RESEARCH BRIEFING
02 Mar 2026
Rates to move higher as inflation refuses to play ball in Australia
Strong inflation and jobs data delay disinflation, keeping policy restrictive.
Inflation is back and the Reserve Bank of Australia is springing into action. Capacity constraints, administered prices and tradable goods and services are all pushing underlying inflation higher. Like many (including the RBA), we were caught off guard by the speed at which price pressures built. In turn, we’ve lifted our inflation outlook, with trimmed mean inflation now expected to hit 3.7% in Q2, up from our previous forecast of 3.3%. That will push the RBA to hike again in May – if not earlier.
- Returning price pressures come as the labour market tightens.
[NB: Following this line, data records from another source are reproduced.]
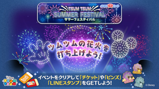 また8月4日(木)より、ミッションをクリアしてイベント会場を飾りつけてツムツムの花火を打ち上げるイベント「TSUM TSUM SUMMER FESTIVAL」を開催します。ミッションをクリアすると、限定ピンズや夏がテーマのツムツムオリジナルデザインのLINEスタンプがもらえます。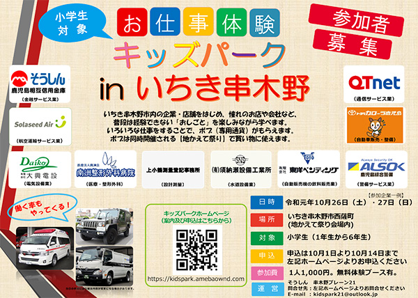 2019年10月26日(土)・27日(日)、「お仕事体験 キッズパーク in いちき串木野」が開催されます。いちき串木野市内の企業・店舗をはじめ、憧れのお店や会社など、普段は経験できない「おしごと」を子どもたちが楽しみながら学べます。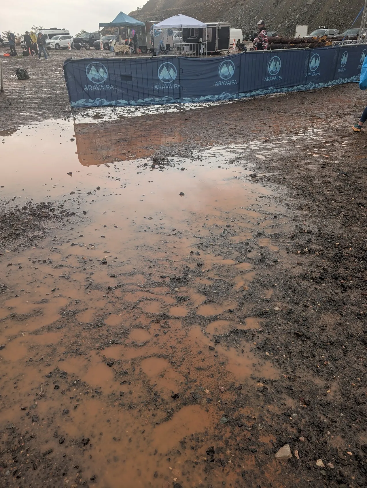 Around 12.5km, we hit a water crossing. We had planned to change into water shoes to protect our foot tape, but Ronnie got a soaker just before. With his feet already wet, we barreled through. The current was strong but safe. It felt good not to stop, but the tape took a hit. At the next aid station, I re-taped what I could. We each grabbed two meat tacos and scarfed them down.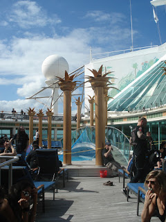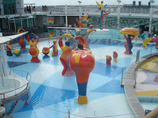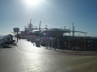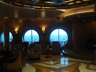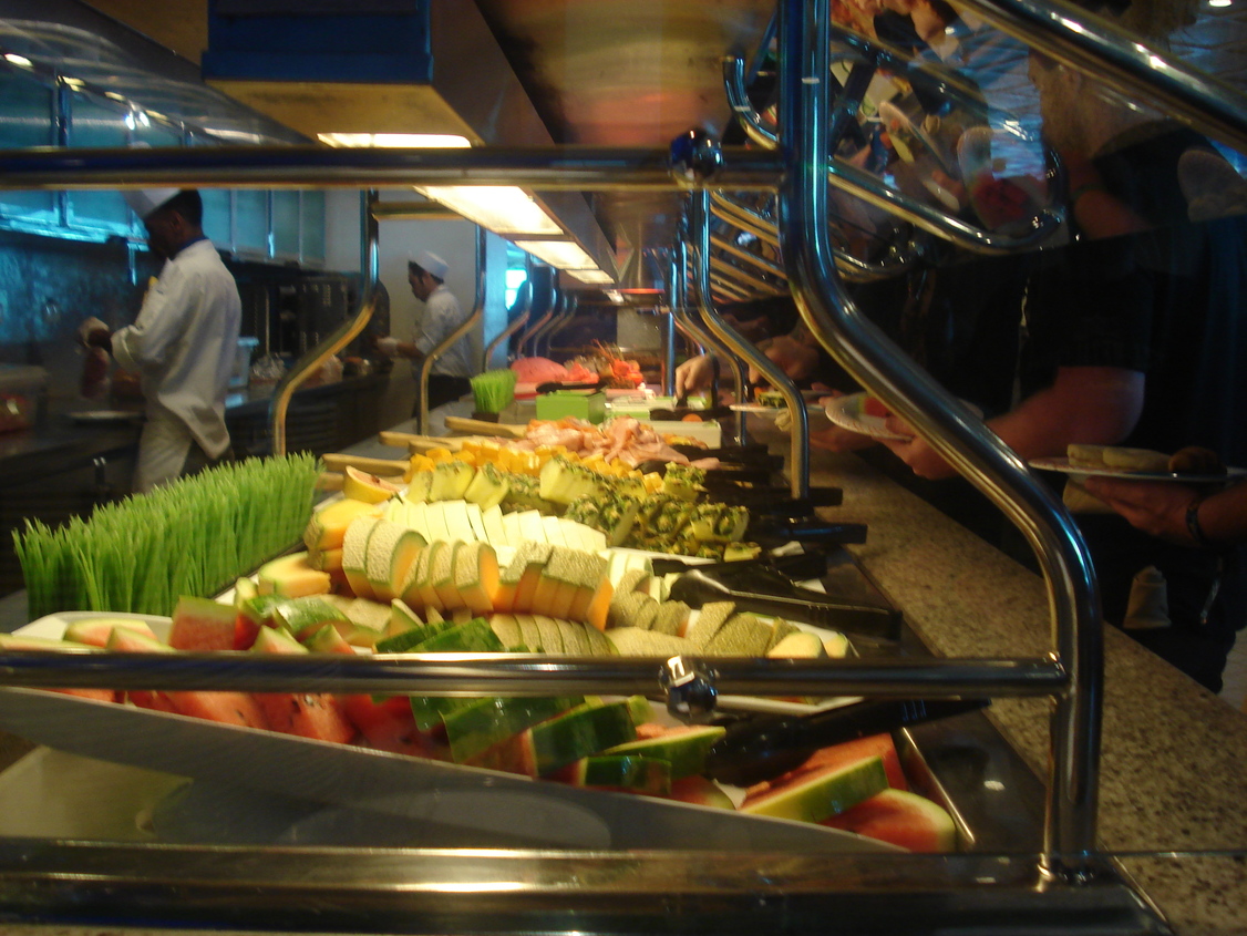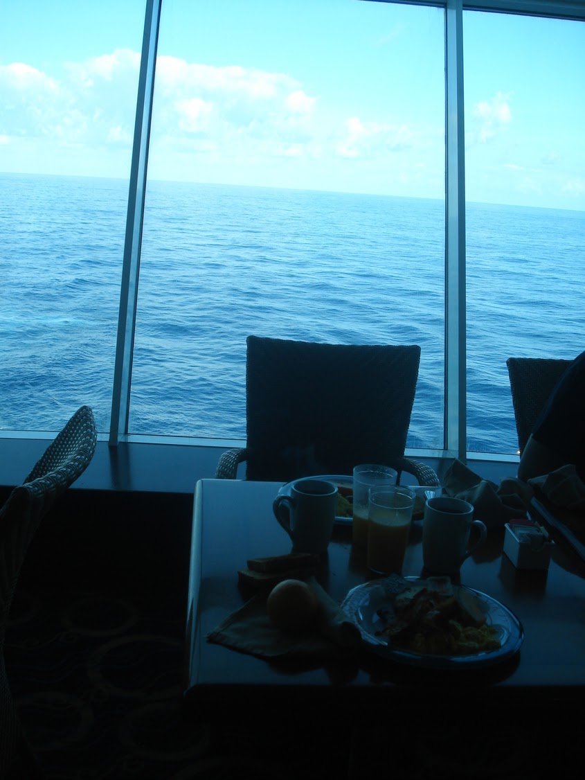 Je ne sais par quel miracle le lendemain matin au réveil je tombe sur Samm au détour d'un escalier alors que nos cabines sont non seulement sur des ponts différents mais en plus radicalement opposées sur le bateau. C'est l'appel du ventre qui nous a fait errer dans le même quartier à la recherche de l'immense self service (je n'ai jamais vu autant de choses différentes avec autant de buffets différents....c'était juste une hallucination que ce soit pour le petit-déjeuner, le déjeuner ou le dîner et pourtant ma société avait déja placé la barre haute). En mettant nos piètres connaissances du bateau en commun, nous avons fini par trouver, il nous fallait monter au pont 12 pour redescendre au 11 mais d'un seul côté du bateau! Simple comme bonjour......quand on est sur le bateau depuis 3 semaines....et ça ce n'est pas nous!

Unemployment stayed at 4.1% in January, below our and the RBA’s expectations. This is the latest in a string of lower-than-expected prints. In response to that trend, we anticipate more short-term resilience, pushing back unemployment’s peak in our latest baseline from mid-2026 to mid-2027.
- Higher inflation and interest rates will drag GDP growth down a fraction this year relative to our January forecasts. But lower unemployment and a sturdy building pipeline will cap the downgrade at just 0.1 ppt.
- Business investment has accelerated on the back of a surge in data-centre construction, transport projects and utilities. As work starts on the Brisbane 2032 Olympics, non-residential buildings will get another nudge higher. Meanwhile, strong population growth and a chronic undersupply of dwellings will support residential building. As for property prices, higher interest rates and affordability constraints will see momentum fade in the second half of the year, leaving price growth solid but not rocketing.